Konsep Tanggung Jawab Sosial: Perilaku Organisasi
Pada tatanan global dan juga di Indonesia, definisi tanggung jawab sosial atau social responsibility pada umumnya mengacu pada dokumen ISO 26000 Guidance for Social Responcibility, yaitu “Responsibility of an organization for the impacts of its decisions and activities on society and the environment, through transparent and ethical behaviour that contributes to sustainable development, health and the welfare of society; takes into account the expectations of stakeholders; is in compliance with applicable law and consistent with international norms of behaviour; and is integrated throughout the organization and practiced in its relationships”.
Ada tiga hal penting yang digarisbawahi, yaitu responsibility of an organization (tanggung jawab organisasi), impact (dampak) dan transparent and ethical behaviour (perilaku yang transparan dan beretika). Pertama, tanggung jawab sosial diperuntukkan tidak hanya bagi perusahaan, tetapi semua organisasi termasuk juga pemerintah dan organisasi nirlaba.
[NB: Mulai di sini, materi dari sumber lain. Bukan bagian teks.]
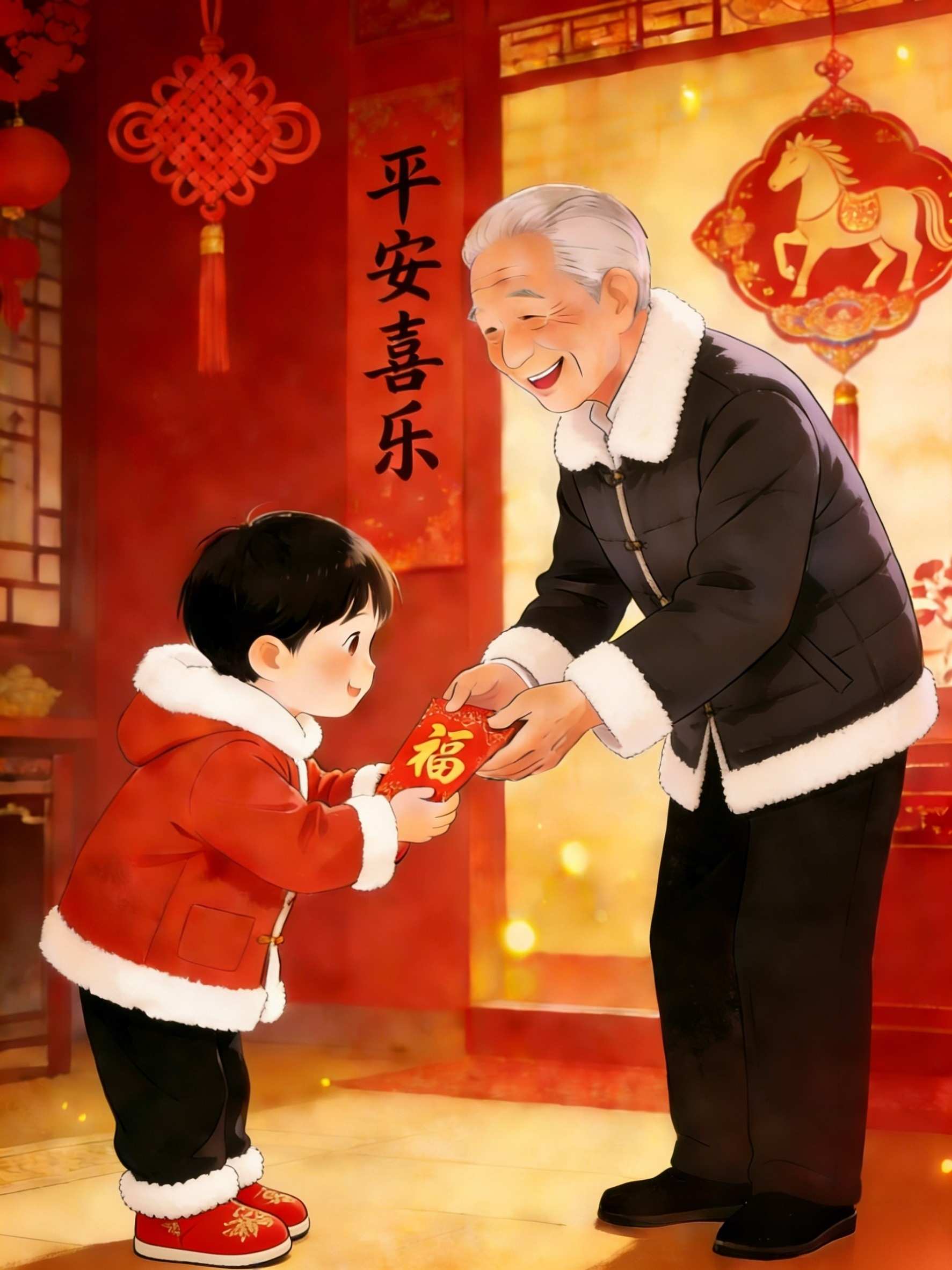 डिनर पछि, बच्चाहरूले आमाबाबु र हजुरबा हजुरआमा वा अन्य नातेदारहरूबाट रातो खाममा भाग्यशाली पैसा प्राप्त गर्ने सबैभन्दा लोकप्रिय चलन हो।

Kedua, tanggung jawab sosial fokus pada penanganan dampak yang ditimbulkan, dalam hal ini meminimalkan dampak negatif dan memaksimalkan dampak positif. Ketiga,tanggung jawab sosial dijalankan “melalui perilaku yang transparan dan beretika”, dalam hal ini tentunya perilaku organisasi dan individu di dalamnya.
Dari hal tersebut di atas, maka banyak pertanyaan yang muncul terkait regulasi CSR di Indonesia. Mengapa hanya sektor usaha yang wajib bertanggung jawab sosial? Jika tanggung jawab sosial menekankan pada dampak yang ditimbulkan, bagaimana perusahaan dapat mengentaskan kemiskinan? Bukankah kemiskinan merupakan dampak dari berbagai faktor, termasuk korupsi dan kebijakan pemerintah yang dapat memicu kemiskinan namun di luar kewenangan perusahaan? Pertanyaan selanjutnya, mungkinkah kita meregulasi “perilaku” organisasi? Sejauh mana transparansi dan etika dapat diregulasi?
Dalam Kamus Besar Bahasa Indonesia, “perilaku” didefiniskan sebagai “tanggapan atau reaksi terhadap rangsangan atau lingkungan” ( http://kbbi.web.id/perilaku). Dalam bahasa Inggris, “behaviour” didefinisikan sebagai “the way someone behaves” (http://dictionary.cambridge.org/dictionary/english/behaviour). Dengan pemahaman definisi tersebut, bisakah kita meregulasi “tanggapan atau reaksi” organisasi atau individu didalam organisasi?
Untuk mempertegas pemahaman tentang tanggung jawab sosial, kita juga perlumelihat karakteristik ISO 26000. Dokumen ISO 26000 secara jelas menyatakan diri sebagai “guidance”, bukan “guidelines”. Perbedaannnya terletak pada “tingkat kepatuhan” terhadap panduan. “Guidance” bersifat rekomendasi, sedangkan “Guidelines” berisi klausul-klausul persyaratan yang harus dipenuhi.
Hal tersebut diperkuat oleh ciri ISO 26000 lainnya, yaitu penggunaan kata “should”, bukan “shall” di dalam dokumen. Ini jelas tertulis pada dokumen ISO 26000 Guidance for Social Responsibility, khususnya Box 1,yaitu (kata-kata penting digarisbawahi oleh penulis):
This International Standard contains no requirements and therefore the word “shall”, which indicates a requirement in ISO language, is not used. Recommendations use the word “should”. In some countries, certain recommendations of ISO 26000 are incorporated into law, and are therefore legally required.
The word “may” is used to indicate that something is permitted. The word “can” is used to indicate that something is possible, for example, that an organization or individual is able to do something.
An International Standard providing guidance does not contain requirements but may contain recommendations.
Jadi jelas, jika mengikuti konsep tanggung jawab sosial dalam ISO 26000, maka tanggung jawab sosial sebagai perilaku organisasi bukanlah suatu objek yang patut diregulasi atau diatur melalui undang-undang. Ini juga yang menjadi alasan ISO 26000 tidak menggunakan mekanisme sertifikasi.